Question Session: here’s a good question – have they thought of bringing in any social scientists or anthropologists to study the communities involved in this, to ensure we learn appropriate lessons from the experience. Okay, I’m off on a tangent now, because this question reminded me of an old colleague, Susan Leigh Star, and I just discovered she has a book out that I somehow missed: Sorting Things Out: Classification and it’s consequences

16:30: A talk on Siberia. Actually, on the Siberian Integrated Regional Study, important because of the role of melting permafrost in Siberia and its effect as a climate feedback. The disappointing thing about this talk is that he’s talking a lot about creating web portals, and not much about the real challenges.

17:30: Okay, change of scenery. There’s a session on Education, Computational Methods and Complex Systems in Nonlinear Proceses in Geophysics. First talk by Jeffrey Johnson (prof of complexity science) is about eToile, a Social Intelligent ICT-System for very large scale education in complex systems.
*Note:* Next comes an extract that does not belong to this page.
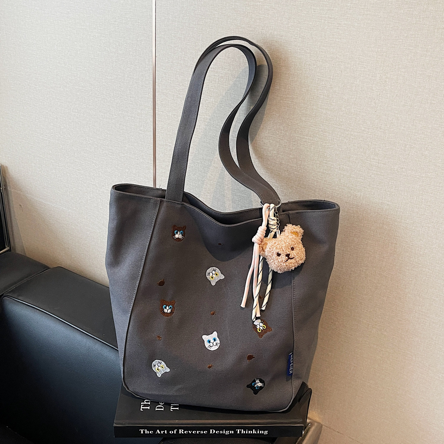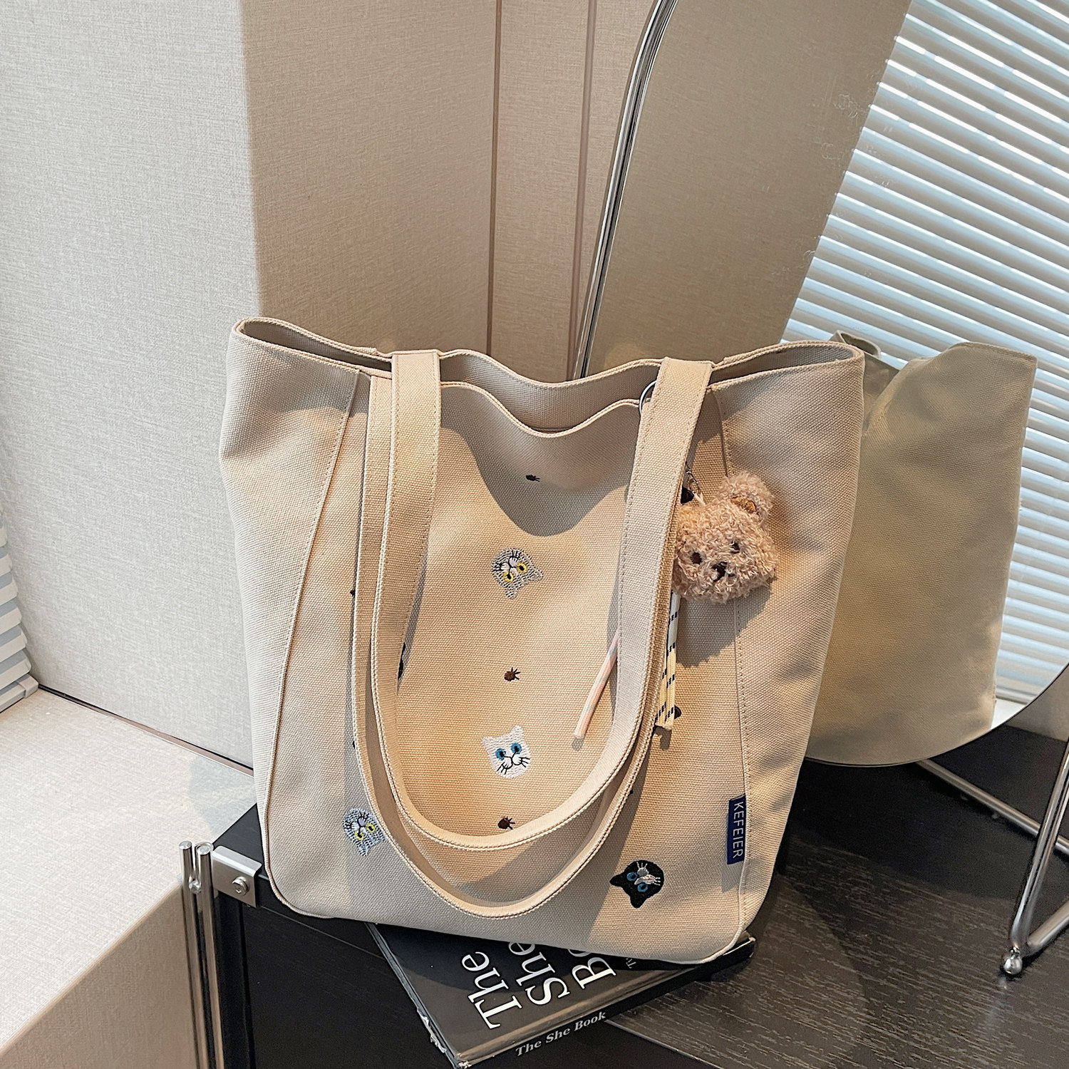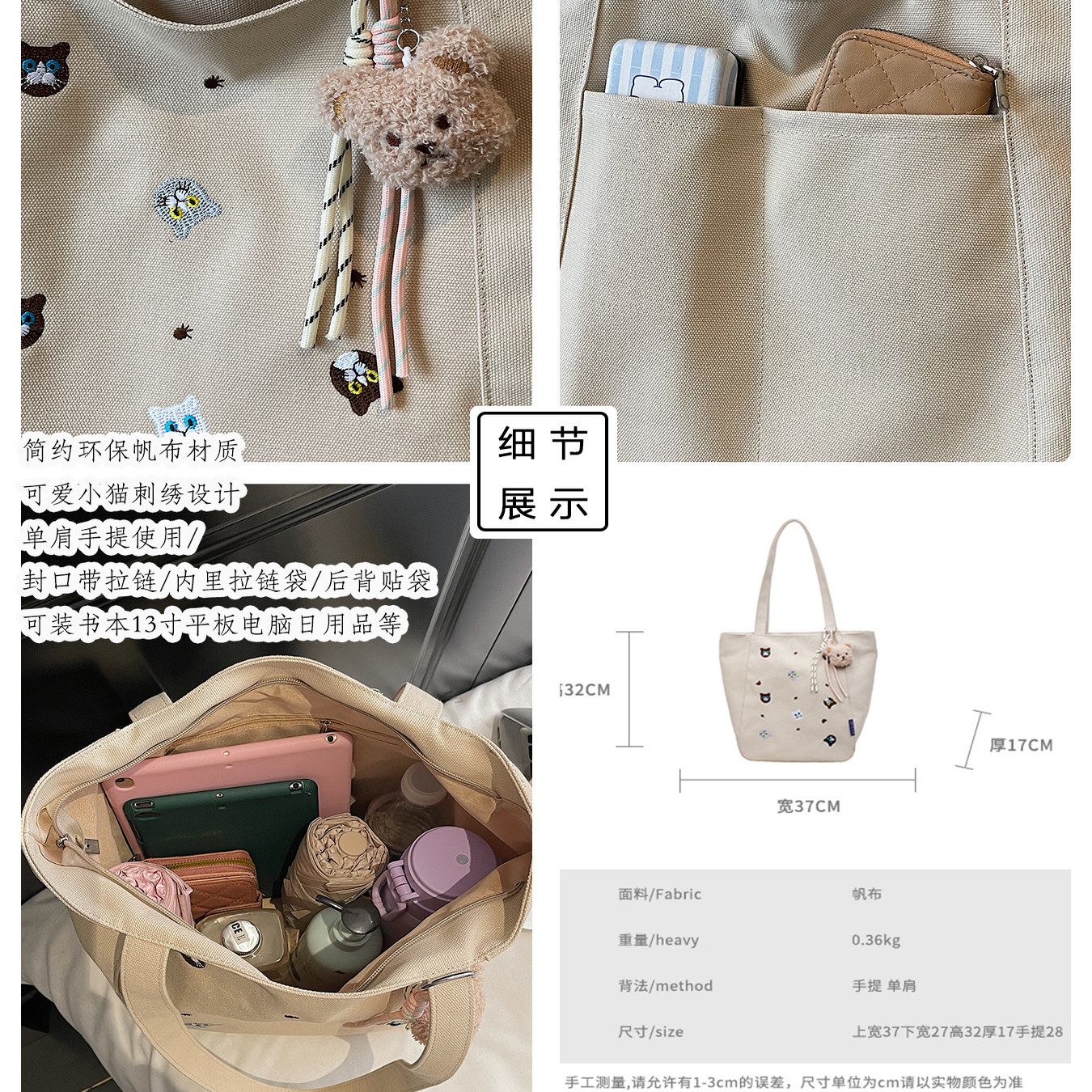 带拉链帆布包包女式大容量可爱猫刺绣包休闲托特包日常通勤单肩包

Jeff was instrumental a few years ago in setting up the Complex Systems Society. The idea behind eToile (see also related project: Assyst) is to change how we design a curriculum. Normally: define curriculum & learning outcomes, create course materials, deliver them, examine the students, mark exam scripts, and pass/fail/grade the students. This is enormously expensive, especially the bits that are proportional to the number of students (e.g. marking is linear in # of students). Can set up a web portal to provide curriculum and assessment, with semi-automated marking. But how do we provide appropriate learning resources for very large numbers of students to use? Solution: create a “resource ecology”, initially populated with some junk URLs. When students submit work, they also have to submit the web resources they used; these become part of the ecology, and links that many students find useful rise in the ecology. Also, stuff that gets outdated falls in value as fewer students use it, or if the curriculum changes, you get the same effect. Jeff argues that this is a much cheaper, more scaleable way of providing education. In the question session, he clarified: it’s only intended for grad students (who are sufficiently capable of self-study), and probably wouldn’t work for undergrads. Reminds me of some of the experiments we’ve played with on my grad courses with the students contributing web resources to our growing collection.

17:45: Next up: a talk on education around flood management. Big paradigm change, from fighting floods, where engineers are the dominant stakeholder, to “living with floods” when it becomes much more of a shared issue among many different kinds of stakeholder. Set up displays, with lots of cylinders of water, to help people visualize different flood levels. Lots of hands on learning to get stakeholders to take ownership of the problem.